### Instructions for the task
Without copying any picture, transcribe exactly the lines of the data below from the one containing "据雷雷的可靠消息(雷雷是我狠" through the one containing "Saltagatto in legno".

### Information given
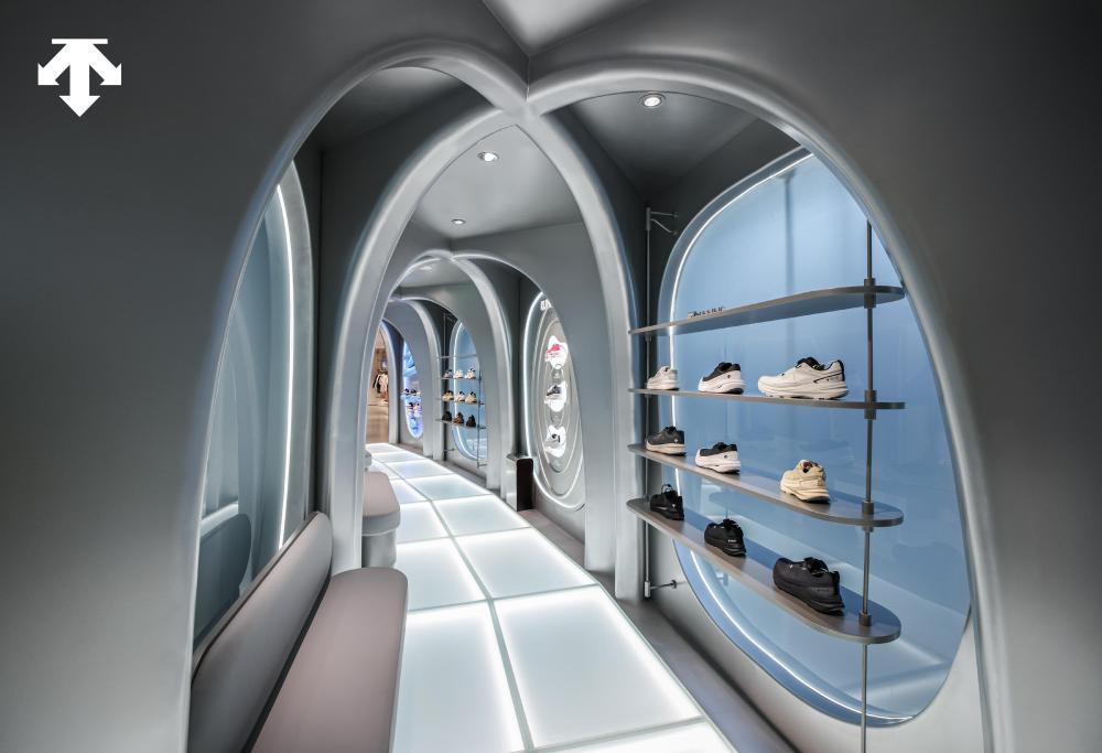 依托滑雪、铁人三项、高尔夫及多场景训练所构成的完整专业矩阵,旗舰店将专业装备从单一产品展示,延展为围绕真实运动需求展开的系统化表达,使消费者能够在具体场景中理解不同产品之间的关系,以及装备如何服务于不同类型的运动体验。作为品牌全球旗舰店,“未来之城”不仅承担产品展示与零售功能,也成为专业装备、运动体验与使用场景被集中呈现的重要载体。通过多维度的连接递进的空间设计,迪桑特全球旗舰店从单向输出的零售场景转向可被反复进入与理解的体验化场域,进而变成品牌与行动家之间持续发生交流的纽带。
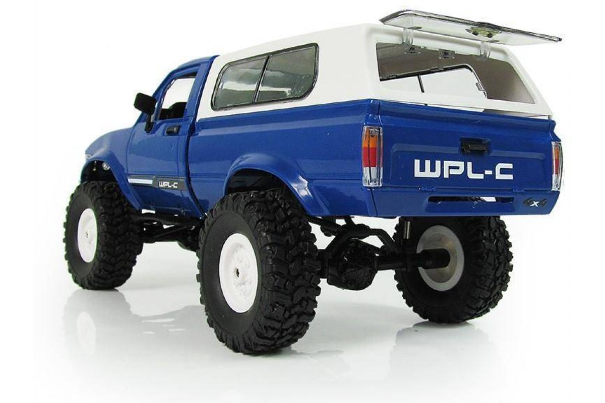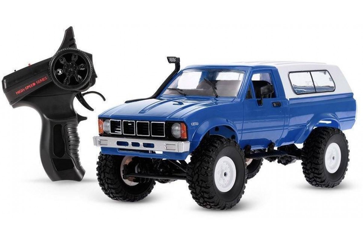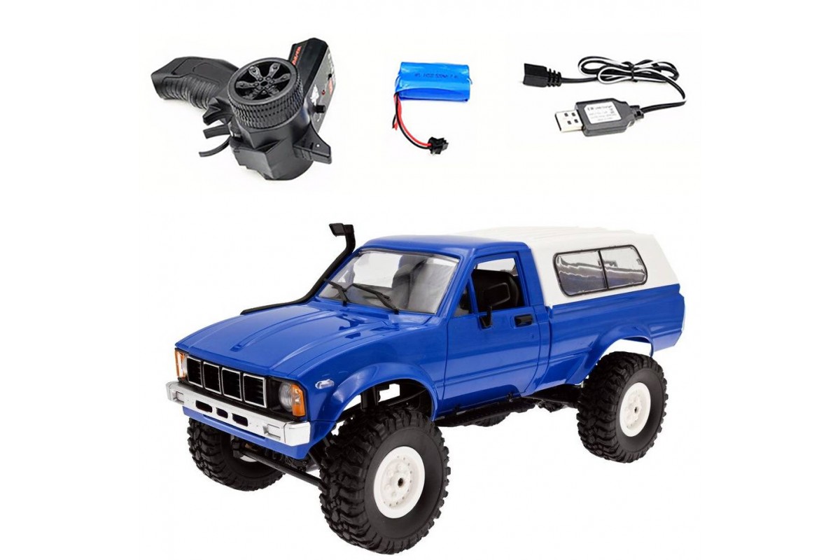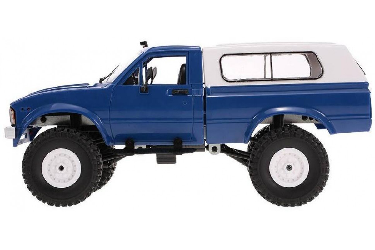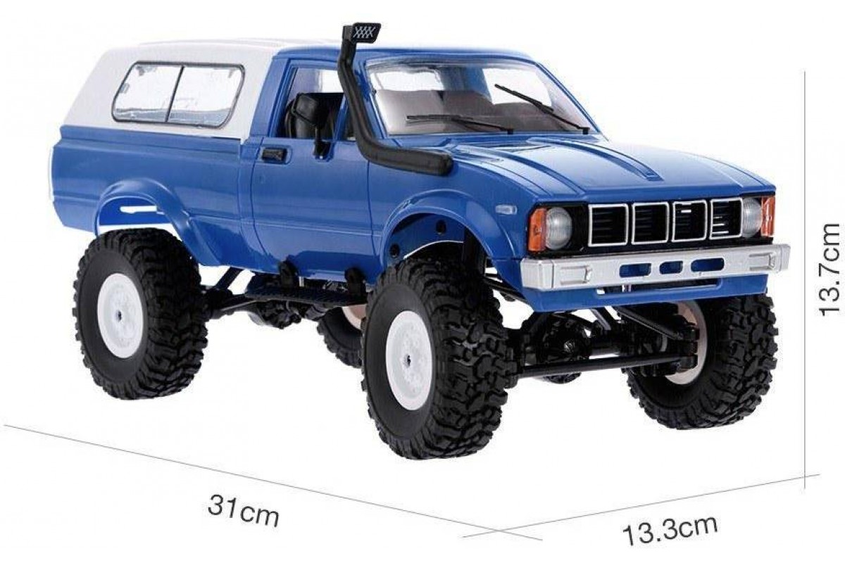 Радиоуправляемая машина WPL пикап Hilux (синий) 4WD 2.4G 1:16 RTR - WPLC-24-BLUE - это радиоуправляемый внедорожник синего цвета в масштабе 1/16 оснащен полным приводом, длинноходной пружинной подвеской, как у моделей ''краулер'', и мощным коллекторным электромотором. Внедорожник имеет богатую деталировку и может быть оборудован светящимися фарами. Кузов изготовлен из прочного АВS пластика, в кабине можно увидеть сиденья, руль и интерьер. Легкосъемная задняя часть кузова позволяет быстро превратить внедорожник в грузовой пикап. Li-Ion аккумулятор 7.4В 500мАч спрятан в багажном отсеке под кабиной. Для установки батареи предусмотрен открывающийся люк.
==
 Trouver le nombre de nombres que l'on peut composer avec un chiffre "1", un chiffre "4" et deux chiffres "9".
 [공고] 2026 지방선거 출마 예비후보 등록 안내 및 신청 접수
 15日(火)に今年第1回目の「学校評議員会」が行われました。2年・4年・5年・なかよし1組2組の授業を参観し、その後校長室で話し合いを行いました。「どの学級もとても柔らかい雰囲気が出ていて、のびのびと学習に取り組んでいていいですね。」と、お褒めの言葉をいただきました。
--
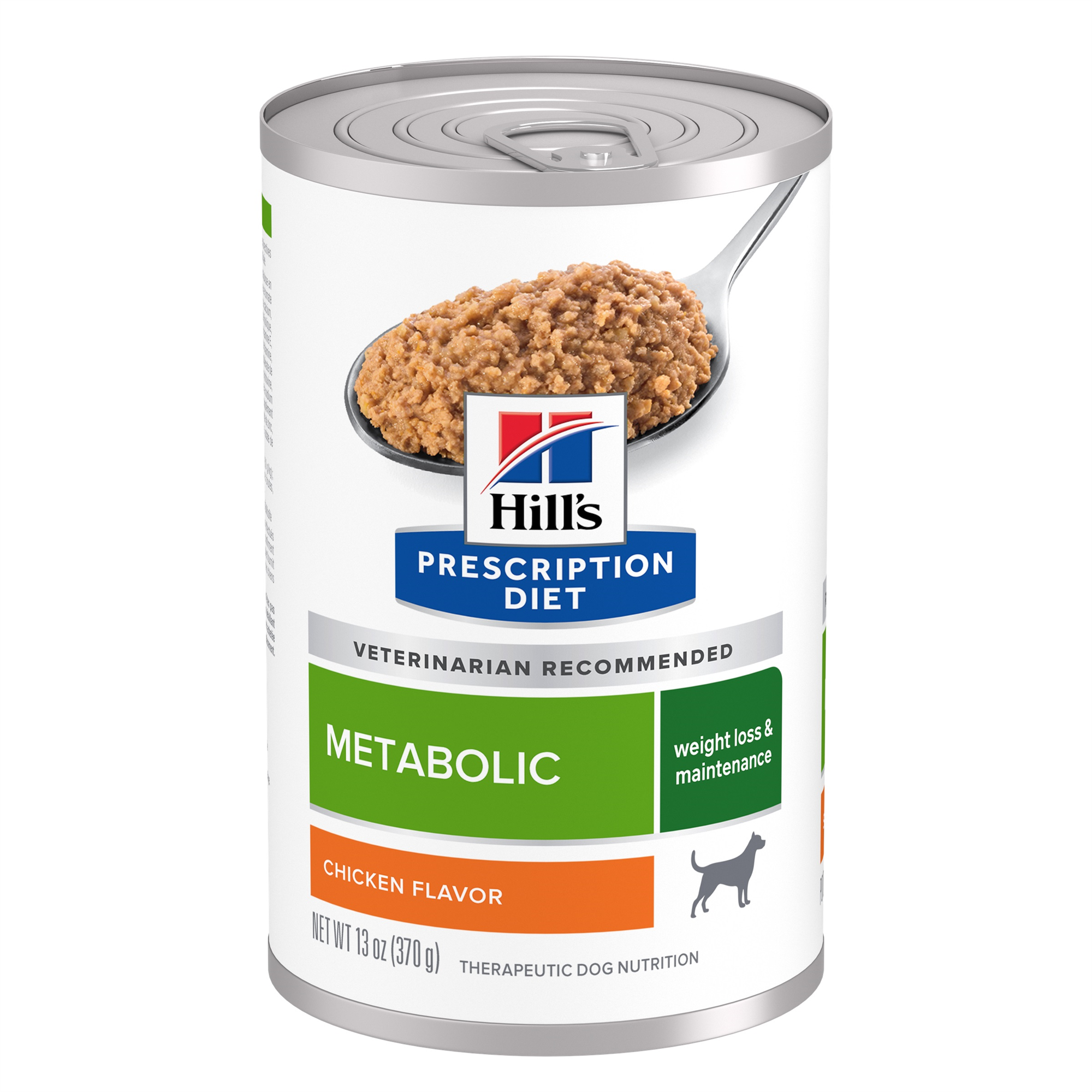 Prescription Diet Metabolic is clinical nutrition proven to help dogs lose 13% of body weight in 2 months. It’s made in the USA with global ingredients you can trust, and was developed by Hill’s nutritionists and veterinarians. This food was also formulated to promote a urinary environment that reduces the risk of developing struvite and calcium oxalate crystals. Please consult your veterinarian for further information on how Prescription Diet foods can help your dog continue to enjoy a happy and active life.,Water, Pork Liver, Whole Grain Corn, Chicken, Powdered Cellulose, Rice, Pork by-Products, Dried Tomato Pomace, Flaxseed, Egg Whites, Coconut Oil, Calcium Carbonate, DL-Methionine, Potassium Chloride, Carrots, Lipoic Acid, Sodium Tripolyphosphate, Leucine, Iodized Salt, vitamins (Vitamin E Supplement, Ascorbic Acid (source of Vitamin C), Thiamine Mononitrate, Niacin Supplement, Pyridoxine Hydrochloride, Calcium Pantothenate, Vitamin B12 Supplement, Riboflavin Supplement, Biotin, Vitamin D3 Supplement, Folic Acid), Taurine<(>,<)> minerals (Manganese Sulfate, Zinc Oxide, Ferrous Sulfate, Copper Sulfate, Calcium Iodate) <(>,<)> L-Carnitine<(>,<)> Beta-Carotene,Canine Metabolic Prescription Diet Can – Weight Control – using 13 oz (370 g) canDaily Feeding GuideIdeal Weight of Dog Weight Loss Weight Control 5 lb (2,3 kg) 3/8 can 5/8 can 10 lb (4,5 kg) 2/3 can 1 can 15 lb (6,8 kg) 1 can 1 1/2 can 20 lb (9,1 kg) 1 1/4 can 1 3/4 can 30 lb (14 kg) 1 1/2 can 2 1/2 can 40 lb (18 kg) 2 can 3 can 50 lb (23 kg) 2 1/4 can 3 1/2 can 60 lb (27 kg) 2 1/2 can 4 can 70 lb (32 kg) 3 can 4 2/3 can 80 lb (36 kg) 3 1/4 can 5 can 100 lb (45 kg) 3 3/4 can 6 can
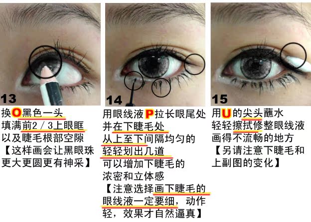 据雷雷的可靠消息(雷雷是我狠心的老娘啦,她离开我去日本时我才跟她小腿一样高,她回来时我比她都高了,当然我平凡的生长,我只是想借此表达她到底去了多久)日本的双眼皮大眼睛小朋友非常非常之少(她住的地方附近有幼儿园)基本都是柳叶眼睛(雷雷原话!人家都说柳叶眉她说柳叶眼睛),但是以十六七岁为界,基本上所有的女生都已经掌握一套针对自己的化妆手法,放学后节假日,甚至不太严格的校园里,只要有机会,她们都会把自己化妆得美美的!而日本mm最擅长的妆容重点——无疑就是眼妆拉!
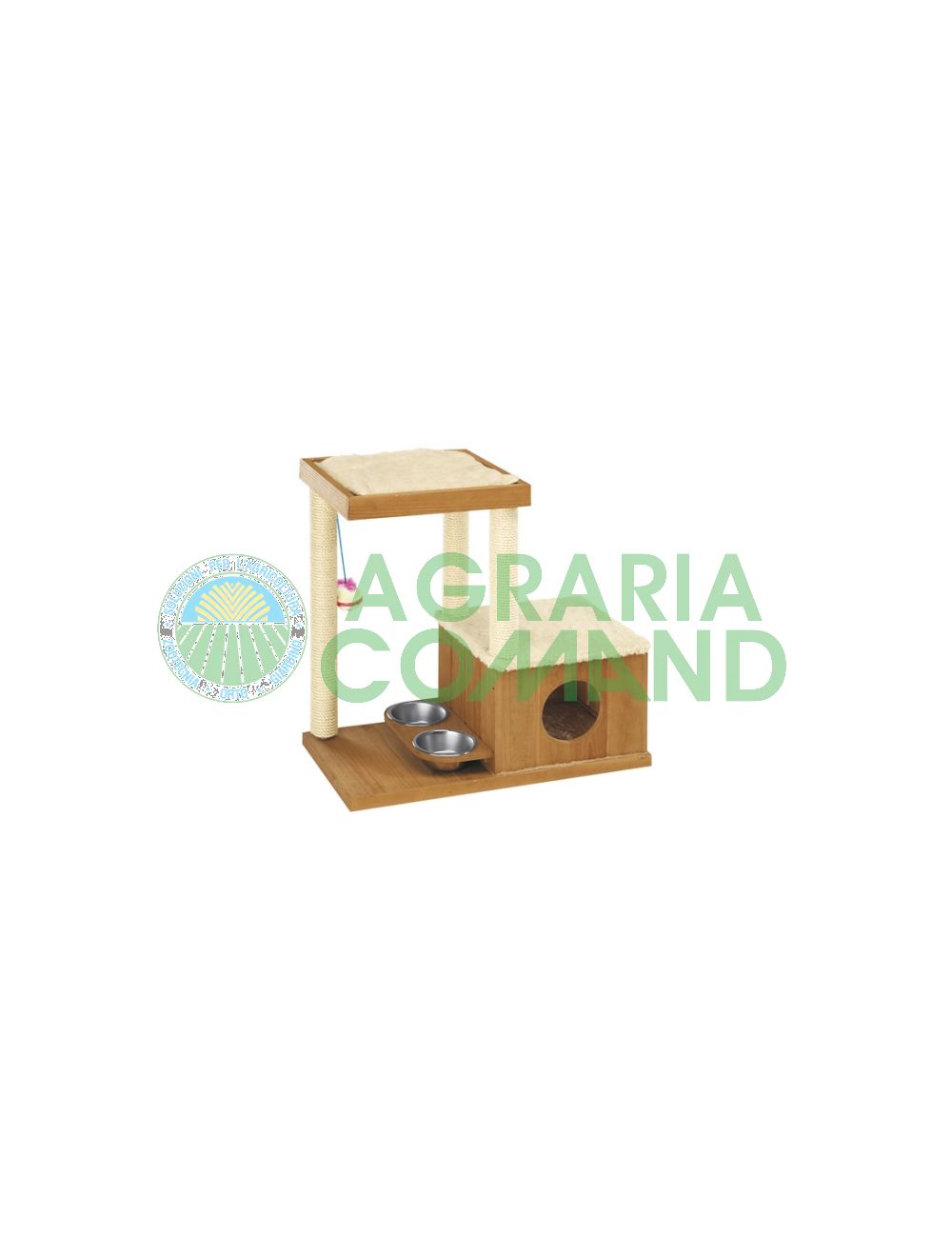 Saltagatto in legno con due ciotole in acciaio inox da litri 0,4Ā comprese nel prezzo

### Written answer
 据雷雷的可靠消息(雷雷是我狠心的老娘啦,她离开我去日本时我才跟她小腿一样高,她回来时我比她都高了,当然我平凡的生长,我只是想借此表达她到底去了多久)日本的双眼皮大眼睛小朋友非常非常之少(她住的地方附近有幼儿园)基本都是柳叶眼睛(雷雷原话!人家都说柳叶眉她说柳叶眼睛),但是以十六七岁为界,基本上所有的女生都已经掌握一套针对自己的化妆手法,放学后节假日,甚至不太严格的校园里,只要有机会,她们都会把自己化妆得美美的!而日本mm最擅长的妆容重点——无疑就是眼妆拉!
 Saltagatto in legno con due ciotole in acciaio inox da litri 0,4Ā comprese nel prezzo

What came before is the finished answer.